### PROMPT
Copy exactly the lines of the records below, starting at the line that contains "更为值得一提的是,在竞争激烈" and continuing through the last line, both included; omit any pictures.

** Opening TASK MATERIAL block **

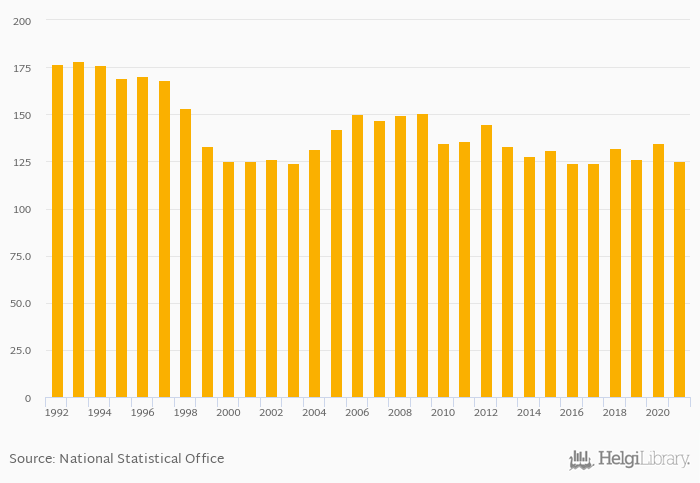 Historically, total egg consumption in Belarus reached an all time high of 178 kt in 1993 and an all time low of 124 kt in 2003. When compared to Belarus's main peers, total egg consumption in Lithuania amounted to 34.0 kt, 375 kt in Poland, 2,397 kt in Russia and 754 kt in Ukraine in 2021.
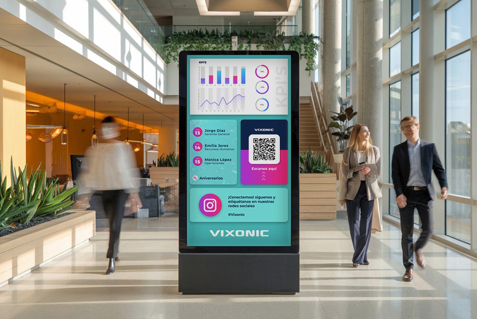 En los espacios corporativos, la señalización digital se utiliza para comunicarse con los empleados, proporcionar información y actualizaciones sobre eventos y actividades corporativas en tiempo real, anuncios de productos, información de recursos humanos, boletines de la empresa, métricas del piso de la fábrica, próximas reuniones, procedimientos de capacitación y más.
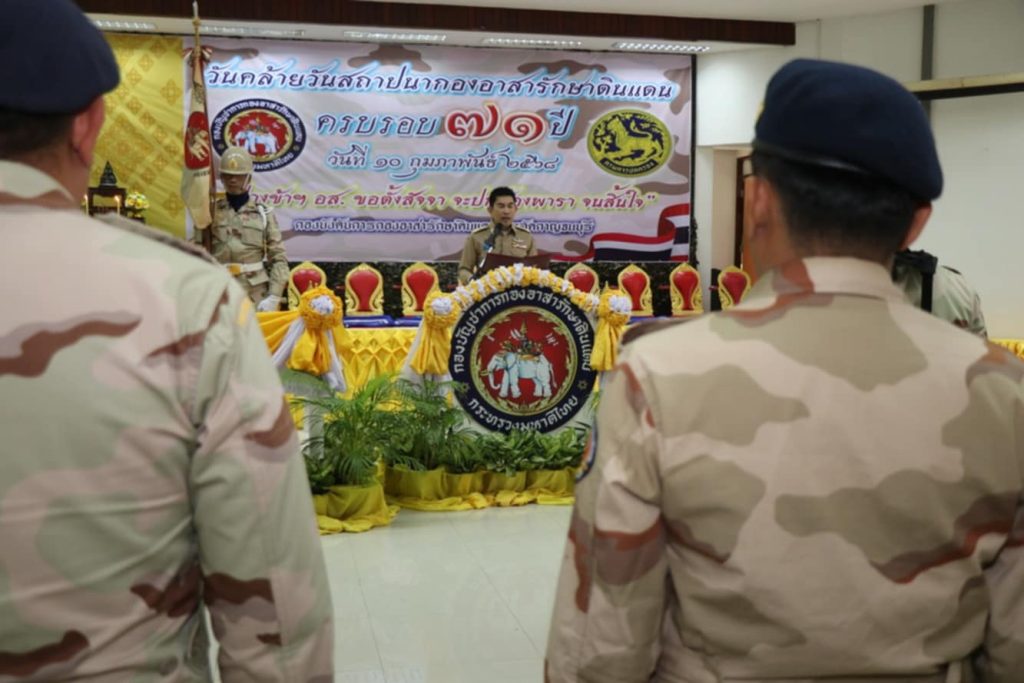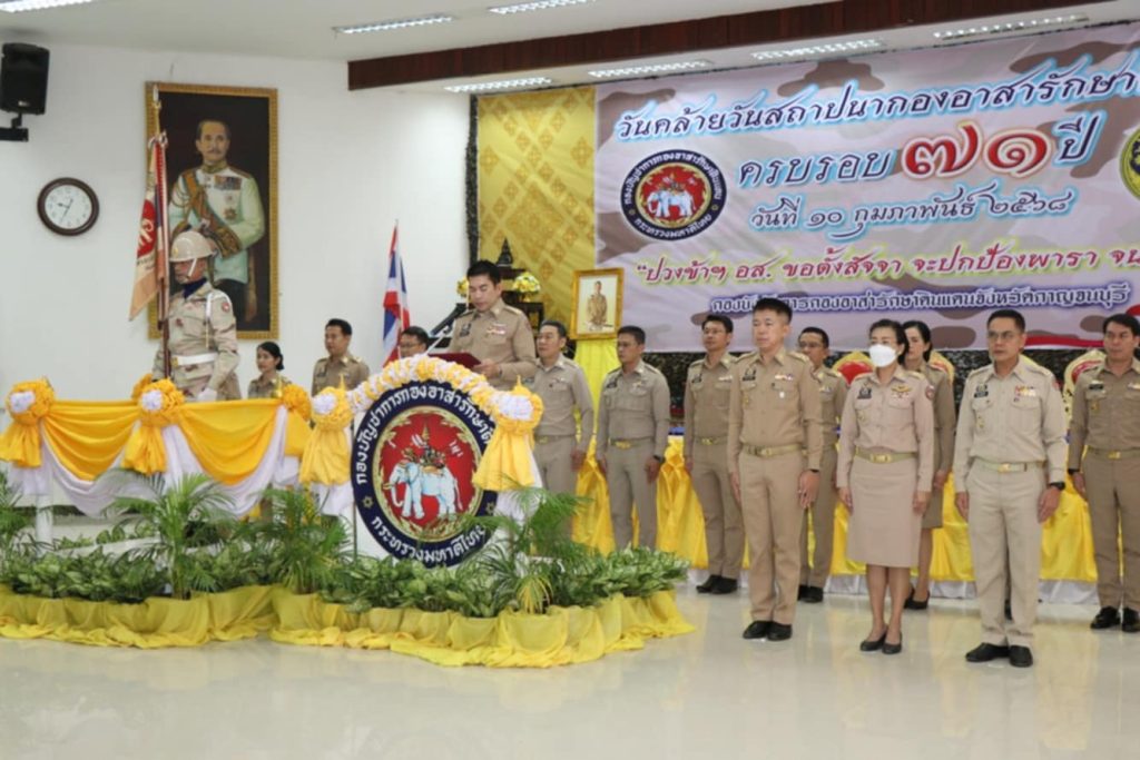 วันนี้ (10 กุมภาพันธ์ 2568) เวลา 08.30 น. ณ หอประชุมกำนัน ผู้ใหญ่บ้าน อำเภอเมืองกาญจนบุรี จังหวัดกาญจนบุรี นายกองเอก อธิสรรค์ อินทร์ตรา ผู้บังคับการกองอาสารักษาดินแดนจังหวัดกาญจนบุรี เป็นประธานในพิธีกระทำสัตย์ปฏิญาณตนต่อธงประจำกองอาสารักษาดินแดนจังหวัดกาญจนบุรี(ธงชัยเฉลิมพล) เนื่องในวันคล้ายวันสถาปนากองอาสารักษาดินแดน ครบรอบปีที่ 71 พร้อมด้วย นางสาวกิตติยา จึงรุ่งเจริญกิจ ประธานแม่บ้านมหาดไทยจังหวัดกาญจนบุรี ว่าที่นายกองเอก วุฒิพงษ์ สุภัควนิช ว่าที่นายกองเอก พรรณวิภา ปิยัมปุตระ รองผู้บังคับการกองอาสารักษาดินแดนจังหวัดกาญจนบุรี ว่าที่นายกองเอก ฑรัท เหลืองสอาด หัวหน้าฝ่ายอำนวยการกองบังคับการกองอาสา รักษาดินแดนจังหวัดกาญจนบุรี ผู้บังคับกองร้อยอาสารักษาดินแดนทุกอำเภอ หัวหน้าส่วนราชการ ทหาร ตำรวจ สมาชิกชมรมแม่บ้านมหาดไทยจังหวัดกาญจนบุรี และสมาชิกกองอาสารักษาดินแดน เข้าร่วมในพิธีฯ
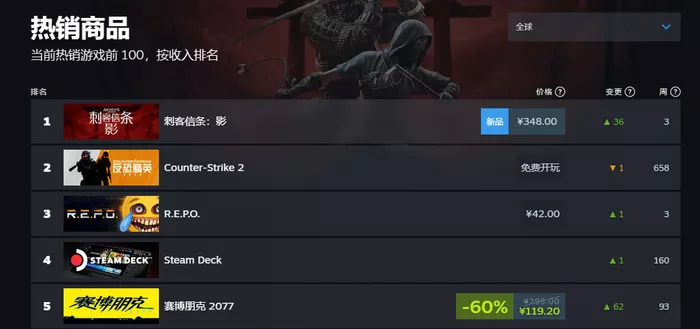 更为值得一提的是,在竞争激烈的全球游戏市场中,《刺客信条:影》凭借自身的卓越品质脱颖而出,一举登上全球热销商品榜首!它不仅超越了《CS2》、Steam Deck等长期占据热销榜前列的经典产品,还将近日爆火的在线合作恐怖游戏《R.E.P.O.》甩在身后,展现出强大的市场号召力。
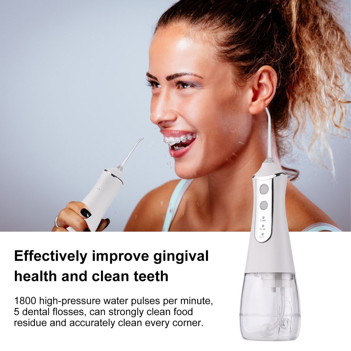 Effectively improve gingival health and clean teeth: 1800 high-pressure water pulses per minute, 5 dental flosses, can strongly clean food residue and accurately clean every corner.
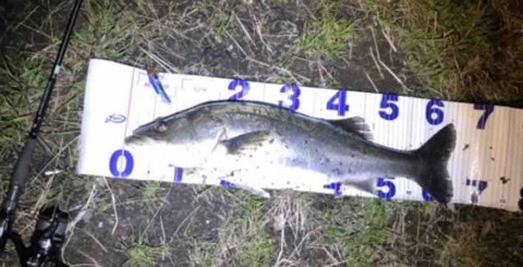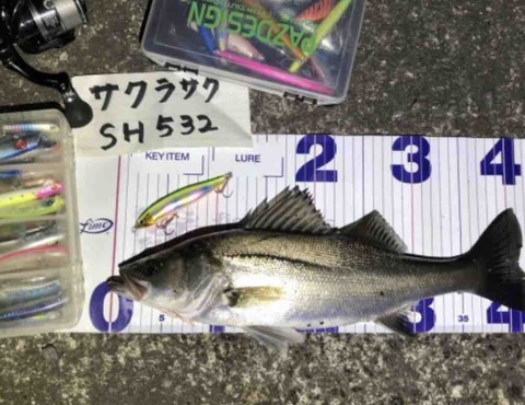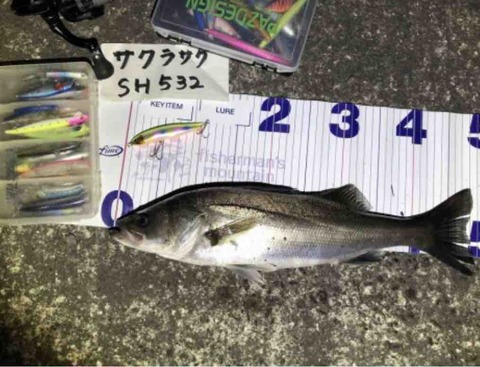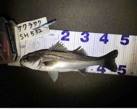 ラインがタワミ気味で流していたがしっかり解るアタリ。もっと大きいかと思ったがセイゴ、、
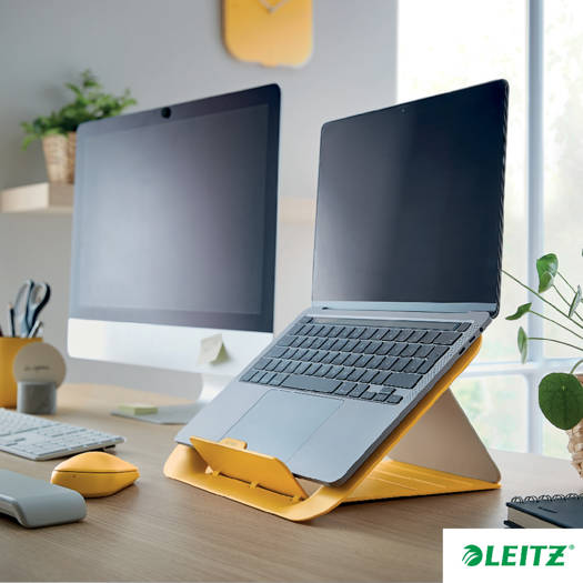 De Leitz Ergo Cosy Laptopstandaard verhoogt het scherm van jouw laptop om het kijkcomfort te vergroten en jouw houding te verbeteren. Het gebruik van een laptopverhoger bevordert ook de luchtstroom rondom je laptop, waardoor de laptopaccu en interne onderdelen minder worden belast. Met zijn minimalistische ontwerp en matte afwerkingskleuren zal deze stijlvolle laptopstandaard de gezondheid en het welzijn verbeteren door moeiteloos de perfecte actieve werkset te creëren. Combineer met andere Leitz Ergo producten voor een uitnodigende en flexibele werkruimte die je de hele dag in beweging houdt.
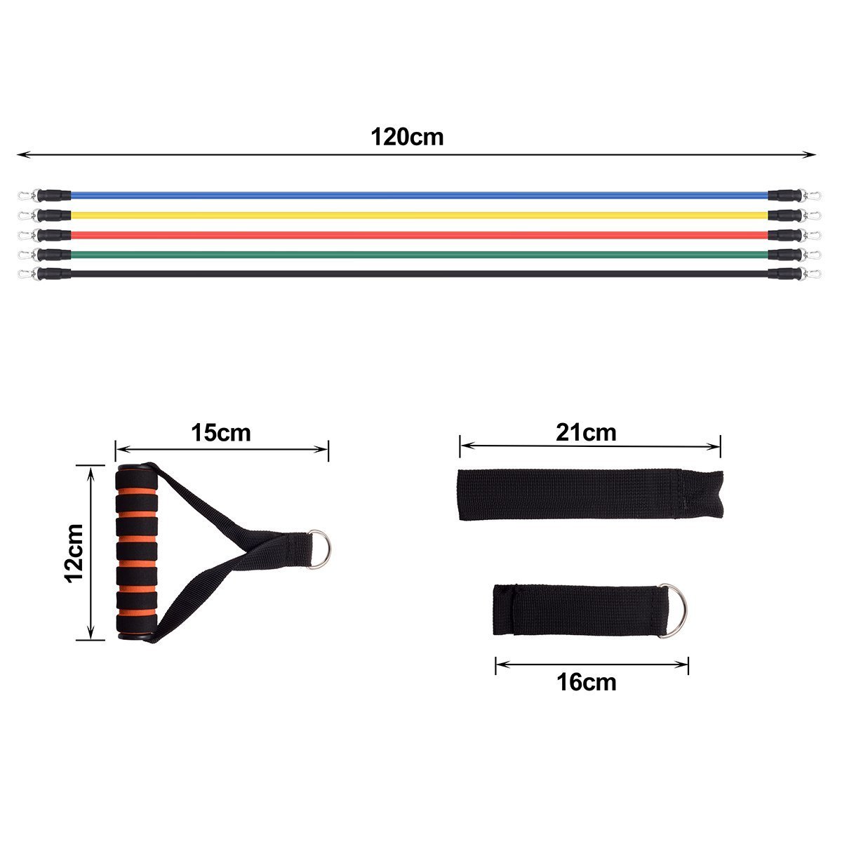 Strength Training tube has 5 staircases, can be used one by one, as well as combining different bands.
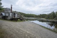 This captivating stock photo features an old train carriage sitting in front of a picturesque pond, surrounded by lush trees and vegetation on both sides. The image showcases a gloomy day in Ontario, Canada, with a grey sky and a reflection of the landscape on the water's surface. The wooden steps leading to the carriage add a rustic touch to the scene. The serene coastal atmosphere, combined with the fluvial landforms of streams and the rural setting, creates a captivating and peaceful ambiance. This stock photo is perfect for illustrating concepts related to nature, transportation, and Canadian landscapes.

** Closing TASK MATERIAL block **

### FINISHED TASK
 更为值得一提的是,在竞争激烈的全球游戏市场中,《刺客信条:影》凭借自身的卓越品质脱颖而出,一举登上全球热销商品榜首!它不仅超越了《CS2》、Steam Deck等长期占据热销榜前列的经典产品,还将近日爆火的在线合作恐怖游戏《R.E.P.O.》甩在身后,展现出强大的市场号召力。
 Effectively improve gingival health and clean teeth: 1800 high-pressure water pulses per minute, 5 dental flosses, can strongly clean food residue and accurately clean every corner.
 ラインがタワミ気味で流していたがしっかり解るアタリ。もっと大きいかと思ったがセイゴ、、
 De Leitz Ergo Cosy Laptopstandaard verhoogt het scherm van jouw laptop om het kijkcomfort te vergroten en jouw houding te verbeteren. Het gebruik van een laptopverhoger bevordert ook de luchtstroom rondom je laptop, waardoor de laptopaccu en interne onderdelen minder worden belast. Met zijn minimalistische ontwerp en matte afwerkingskleuren zal deze stijlvolle laptopstandaard de gezondheid en het welzijn verbeteren door moeiteloos de perfecte actieve werkset te creëren. Combineer met andere Leitz Ergo producten voor een uitnodigende en flexibele werkruimte die je de hele dag in beweging houdt.
 Strength Training tube has 5 staircases, can be used one by one, as well as combining different bands.
 This captivating stock photo features an old train carriage sitting in front of a picturesque pond, surrounded by lush trees and vegetation on both sides. The image showcases a gloomy day in Ontario, Canada, with a grey sky and a reflection of the landscape on the water's surface. The wooden steps leading to the carriage add a rustic touch to the scene. The serene coastal atmosphere, combined with the fluvial landforms of streams and the rural setting, creates a captivating and peaceful ambiance. This stock photo is perfect for illustrating concepts related to nature, transportation, and Canadian landscapes.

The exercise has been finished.